Frequently in the study of Talmud we learn and discuss hypothetical cases. We ask “what if” questions. Even when these scenarios seem very probable, they are not always representative of an actual case or event. In Mishnah Ohalot 7:6, Tosepfta Yevamot IX, TB Sanhedrin 72b, and TP Shabbat 14,4 a case is discussed about a woman in a life threatening difficult childbirth when the fetus is trying to emerge from its mother. The Mishnah discusses at what point the child a viable neonate. If the fetus’s head has not emerged the fetus is considered an “aggressor” [rodef] and the doctor is permitted to save the mother at all costs, even to take the life of the fetus. [For a fuller discussion on the subject see: Feldman, David, Marital relations, birth control in Jewish law (New York, Schocken Books, 1974 p.275-294) [1]]

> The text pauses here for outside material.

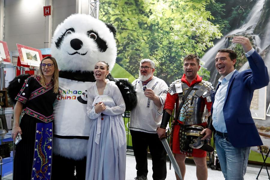 Visitors pose for photos with a giant panda mascot of China's stand at the autumn edition of Romania's Tourism Fair in Bucharest, Romania, Nov. 22, 2024. China's stand attracted visitors at Romania's Tourism Fair, which is held here from Nov. 21-24, as China has expanded its visa-free policy to nine additional countries. (Photo by Cristian Cristel/Xinhua)
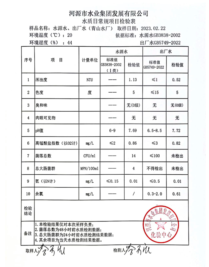 2023年2月22日水質(zhì)檢驗(yàn)報(bào)告

At Thanksgiving dinner, my cousin, who is a pediatrician at a Catholic hospital discussed this issue. As you know the Catholic and Jewish views on birth control and saving a mother’s life strongly differ. He was asked what would happen in his hospital if there was a life threatening childbirth. Would the mother be saved and child dismembered as described in the Talmud? This question bothers us because we view the Catholic viewpoint as unfair to mothers or illogical based on our knowledge of halakha. My cousin said that in his ten years working in that hospital there has never been a case that would require choosing the life of a mother over the life of the fetus. The doctors have always tried to save both. I checked with other medical professionals who deal with childbirth and they agree with him. They could remember no case in their careers when the question of choosing the mother’s life during childbirth over the child’s life happened. They did point out there are cases concerning medical treatment on pregnant women that could affect the embryo or fetus. (For example radiation or chemotherapy for cancer would harm the embryo. In these cases there would be a therapeutic abortion or treatment would be delayed. This is not an option in a Catholic hospital.) Most maternal deaths occurring after a live birth are because of excessive bleeding, cardiac problems, or aspirated stomach contents into the lungs[2], not occluded deliveries. In other times and places maternal deaths occurred as a result of infections from unsanitary conditions[3]. Sometimes the child dies in the womb and the doctors have to extract the dead fetus, but this involves no moral dilemma for the Catholic or Jew.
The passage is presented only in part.